▸ How to complete this task
Once the pictures are set aside, repeat all of the data below exactly.

** Materials provided follows **

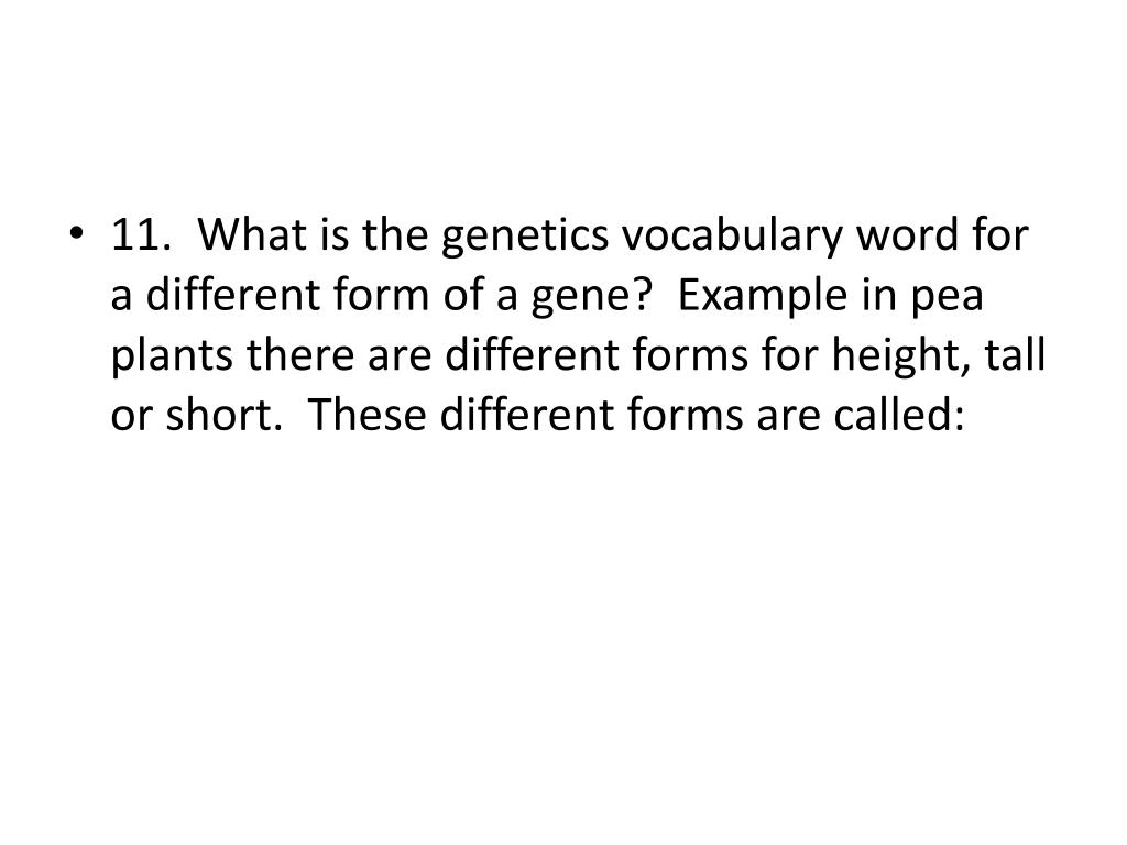 11. What is the genetics vocabulary word for a different form of a gene? Example in pea plants there are different forms for height, tall or short. These different forms are called:
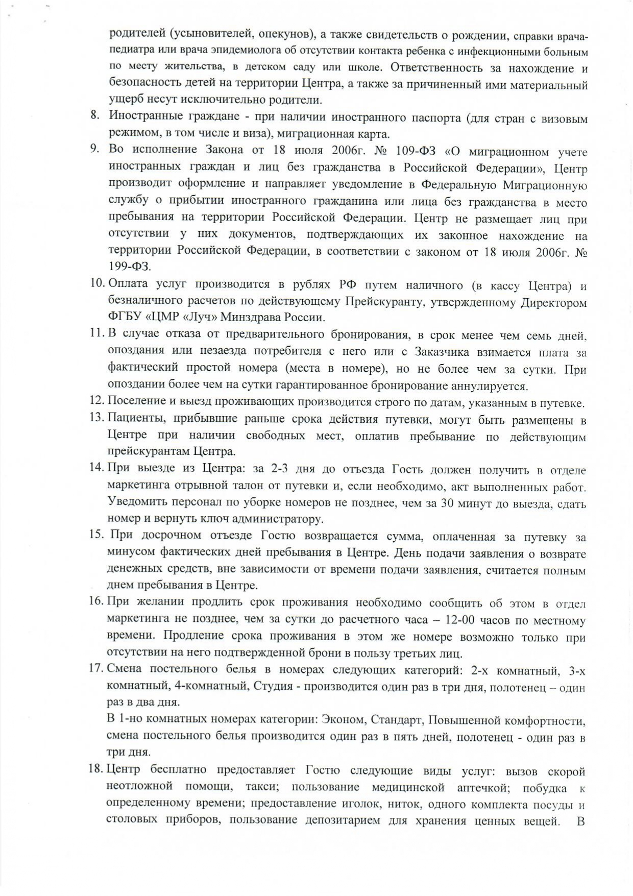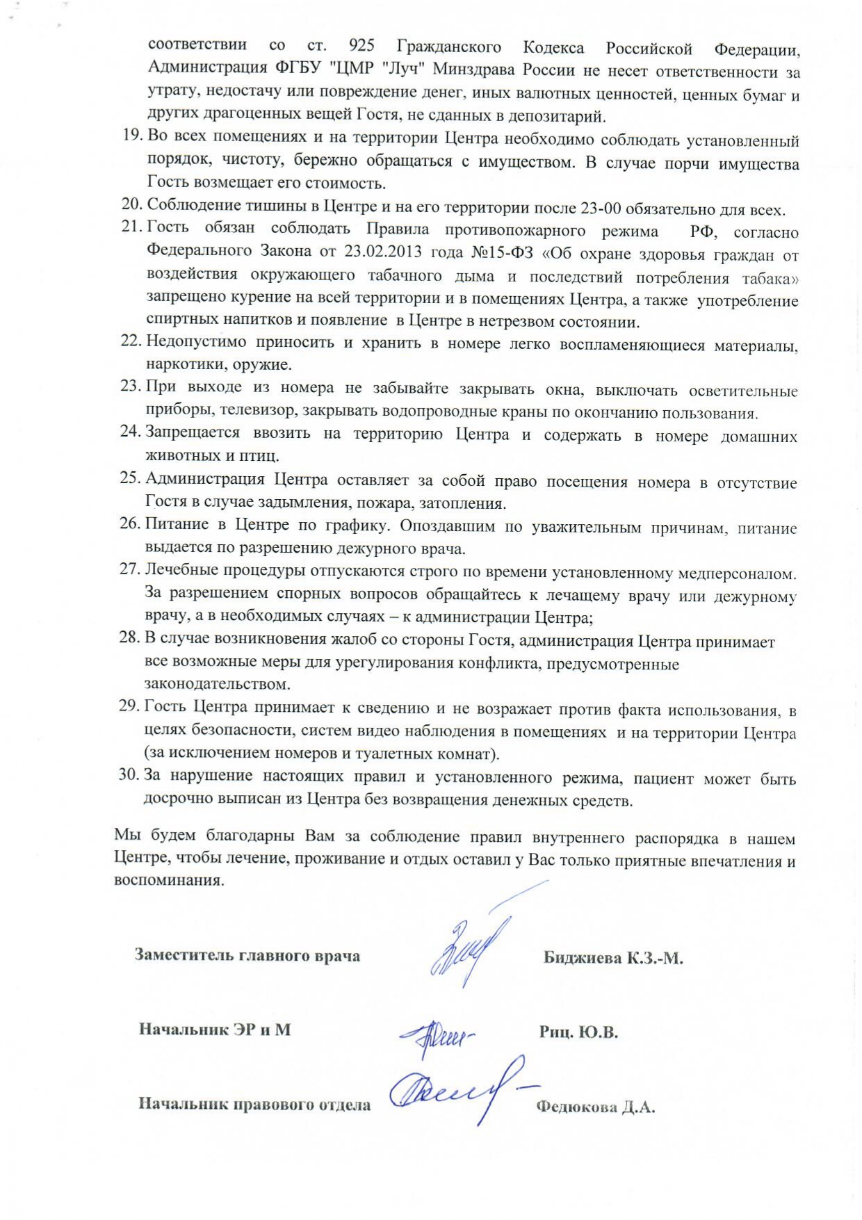 ПРАВИЛА поведения пациентов во время пребывания в ФГБУ ЦМР «Луч» Минздрава России в условиях сохранения рисков распространения COVID-19
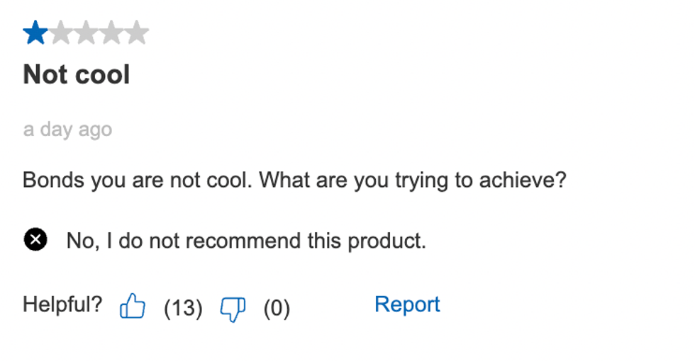 "Excited to never buy Bonds again," one person chimed in, while another riled: "I'm done with Bonds! You're not inclusive at all, you push the agenda of the minority and the majority will not follow! As the saying goes 'go woke, go broke' – you can join the ranks of Buzz Light beer in your own demise."
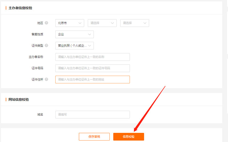 下一步就是填寫備案的基礎信息了,如公司名稱,證件號碼等,填完信息后點信息校驗,如下圖:
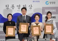 • [포토] '청룡영화상' 핸드프린팅 들어보이는 2014년 수상자들
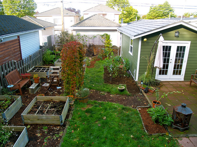 We’ve got a ton of leaves out front now, and are investing in a leaf-vaccum and shredder which will make for some easy mulching of these back boxes as the fall turns into winter. You can see from these photos that some of our beds are still in need of a top-up to be truly ready for next spring – and the leaves will be a big help on that front. With the rains coming in this week, I suspect it will be awhile before I can get a picture of our backyard that I love as much as this one – with the fall colour in and everything still green. The mud-days are coming, followed by the frozen-days…. and I’ve still got so much to do before that happens! (See all of last week’s garden photos on flickr.

** End of Materials provided **

▸ Answer box
 11. What is the genetics vocabulary word for a different form of a gene? Example in pea plants there are different forms for height, tall or short. These different forms are called:
 ПРАВИЛА поведения пациентов во время пребывания в ФГБУ ЦМР «Луч» Минздрава России в условиях сохранения рисков распространения COVID-19
 "Excited to never buy Bonds again," one person chimed in, while another riled: "I'm done with Bonds! You're not inclusive at all, you push the agenda of the minority and the majority will not follow! As the saying goes 'go woke, go broke' – you can join the ranks of Buzz Light beer in your own demise."
 下一步就是填寫備案的基礎信息了,如公司名稱,證件號碼等,填完信息后點信息校驗,如下圖:
 • [포토] '청룡영화상' 핸드프린팅 들어보이는 2014년 수상자들
 We’ve got a ton of leaves out front now, and are investing in a leaf-vaccum and shredder which will make for some easy mulching of these back boxes as the fall turns into winter. You can see from these photos that some of our beds are still in need of a top-up to be truly ready for next spring – and the leaves will be a big help on that front. With the rains coming in this week, I suspect it will be awhile before I can get a picture of our backyard that I love as much as this one – with the fall colour in and everything still green. The mud-days are coming, followed by the frozen-days…. and I’ve still got so much to do before that happens! (See all of last week’s garden photos on flickr.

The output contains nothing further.